The United Nations is alarmed by attacks on healthcare sites in Sudan, mainly the impact on women and girls in the country, a UN spokesman said.
Of the more than 2.5 million women and girls of reproductive age in Sudan, nearly 263,000 are estimated to be pregnant, said Farhan Haq, the deputy spokesman for UN Secretary-General Antonio.
“One third of them will give birth in the next three months.

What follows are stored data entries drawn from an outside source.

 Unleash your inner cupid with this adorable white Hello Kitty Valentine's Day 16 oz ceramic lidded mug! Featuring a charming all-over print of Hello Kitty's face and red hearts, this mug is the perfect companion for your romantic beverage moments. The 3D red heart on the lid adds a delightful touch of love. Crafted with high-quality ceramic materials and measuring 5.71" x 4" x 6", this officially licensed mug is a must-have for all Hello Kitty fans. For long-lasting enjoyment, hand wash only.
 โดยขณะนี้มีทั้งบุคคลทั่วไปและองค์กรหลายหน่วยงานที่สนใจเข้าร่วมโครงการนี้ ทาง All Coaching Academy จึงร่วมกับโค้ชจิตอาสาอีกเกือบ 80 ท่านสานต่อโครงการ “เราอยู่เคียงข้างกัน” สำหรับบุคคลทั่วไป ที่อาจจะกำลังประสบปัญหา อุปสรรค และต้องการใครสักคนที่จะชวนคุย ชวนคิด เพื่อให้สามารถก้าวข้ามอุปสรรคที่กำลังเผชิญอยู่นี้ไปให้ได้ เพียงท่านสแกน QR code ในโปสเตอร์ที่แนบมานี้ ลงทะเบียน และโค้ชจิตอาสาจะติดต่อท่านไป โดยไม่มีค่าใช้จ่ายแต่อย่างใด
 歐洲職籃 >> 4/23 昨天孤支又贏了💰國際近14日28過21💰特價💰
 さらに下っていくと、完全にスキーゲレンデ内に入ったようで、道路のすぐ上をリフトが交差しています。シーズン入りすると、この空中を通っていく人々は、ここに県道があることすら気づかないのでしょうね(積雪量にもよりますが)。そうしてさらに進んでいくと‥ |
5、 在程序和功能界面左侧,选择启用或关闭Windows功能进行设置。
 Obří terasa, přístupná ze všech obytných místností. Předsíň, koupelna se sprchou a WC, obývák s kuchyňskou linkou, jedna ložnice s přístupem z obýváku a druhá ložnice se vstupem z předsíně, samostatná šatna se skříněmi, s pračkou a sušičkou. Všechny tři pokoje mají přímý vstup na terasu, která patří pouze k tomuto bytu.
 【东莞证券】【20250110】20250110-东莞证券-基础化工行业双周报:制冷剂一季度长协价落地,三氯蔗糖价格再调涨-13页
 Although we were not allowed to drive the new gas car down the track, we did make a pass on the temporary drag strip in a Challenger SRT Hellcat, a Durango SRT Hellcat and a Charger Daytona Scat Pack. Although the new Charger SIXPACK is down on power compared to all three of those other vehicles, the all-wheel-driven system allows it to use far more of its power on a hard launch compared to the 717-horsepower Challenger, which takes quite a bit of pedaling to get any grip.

And all of them need access to critical reproductive health services,” the spokesman said.
In areas impacted by fighting, the World Health Organisation and the UN Population Fund report that more than two-thirds of the hospitals are closed.

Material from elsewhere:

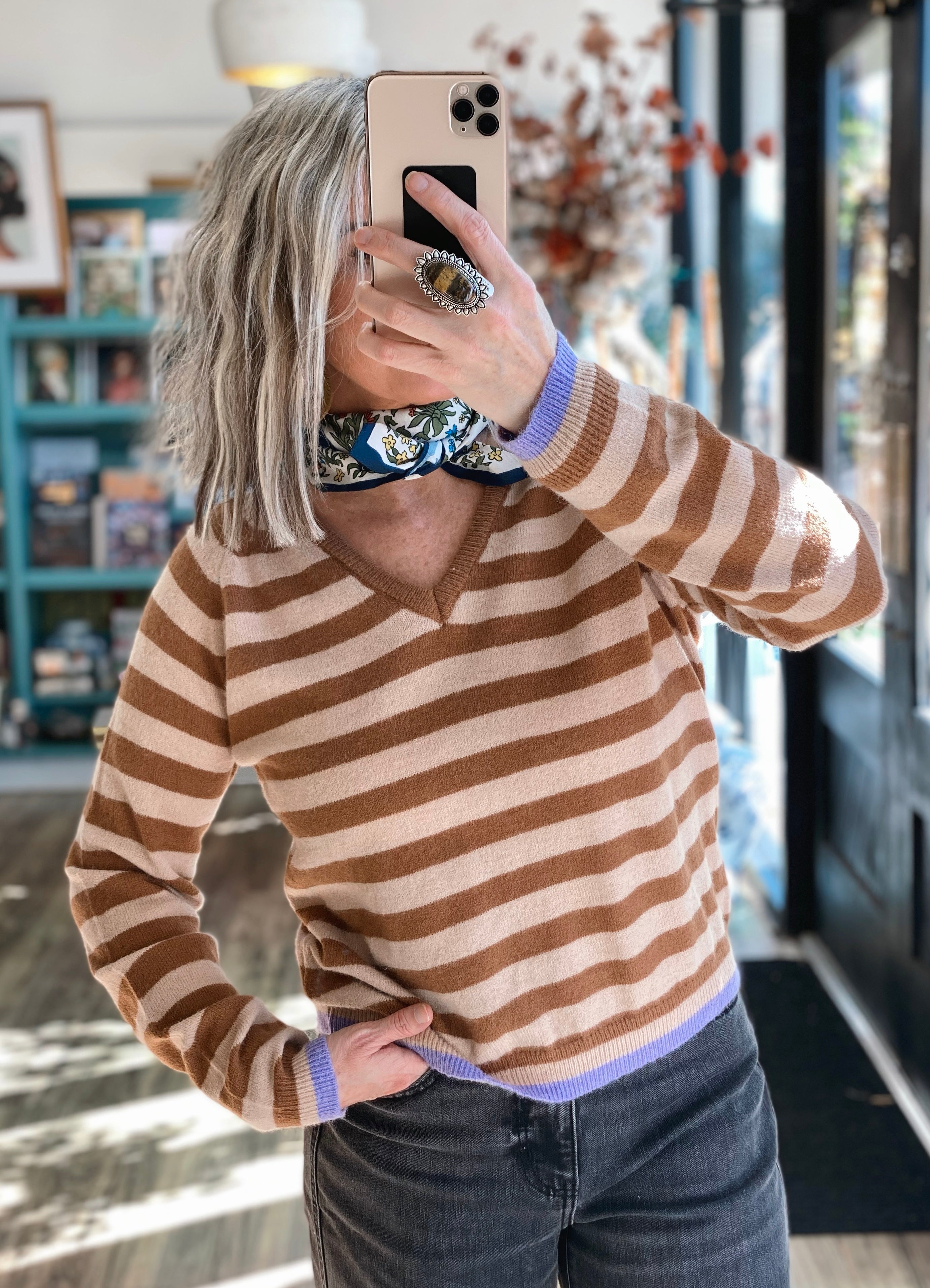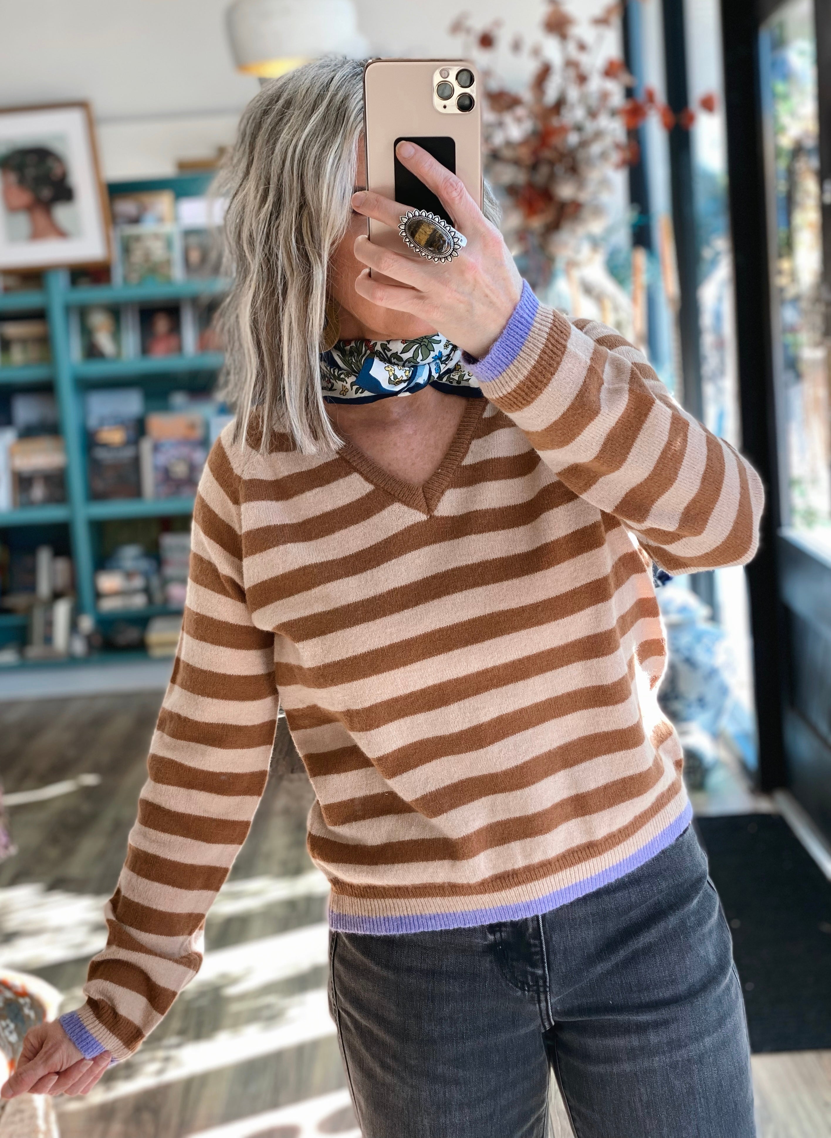 Classic stripes meet a playful pop of color in this soft, lightweight knit you’ll wear on repeat. Featuring warm camel and cream stripes with unexpected lavender trim at the cuffs and hem, this sweater blends timeless style with a modern twist.
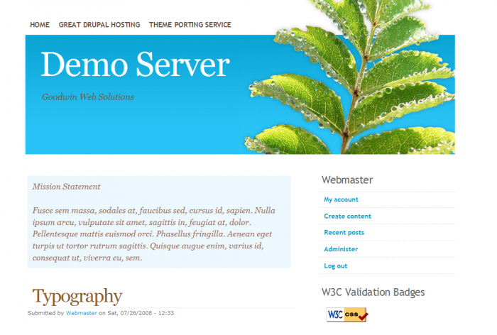 - Five block regions - content, right sidebar, footer 1, footer 2, and footer 3

Several maternity hospitals are also out of action.
Citing the International Organisation for Migration, Haq said violence in Sudan has displaced almost two million people.
The highest proportion of internally displaced persons has been in West Darfur, River Nile, White Nile and Northern states.
The UN Office for the Coordination of Humanitarian Affairs said that over the past four weeks, it arranged for 438 trucks carrying about 17,000 tonnes of aid to go to different parts of Sudan.
Fifty trucks moved during the first two days of the latest ceasefire.
“The United Nations continues to deliver, ceasefire or not,” said Haq, adding that the world body also continues to call for an end to the fighting so that “we can reach all people in need in Sudan, wherever they are.”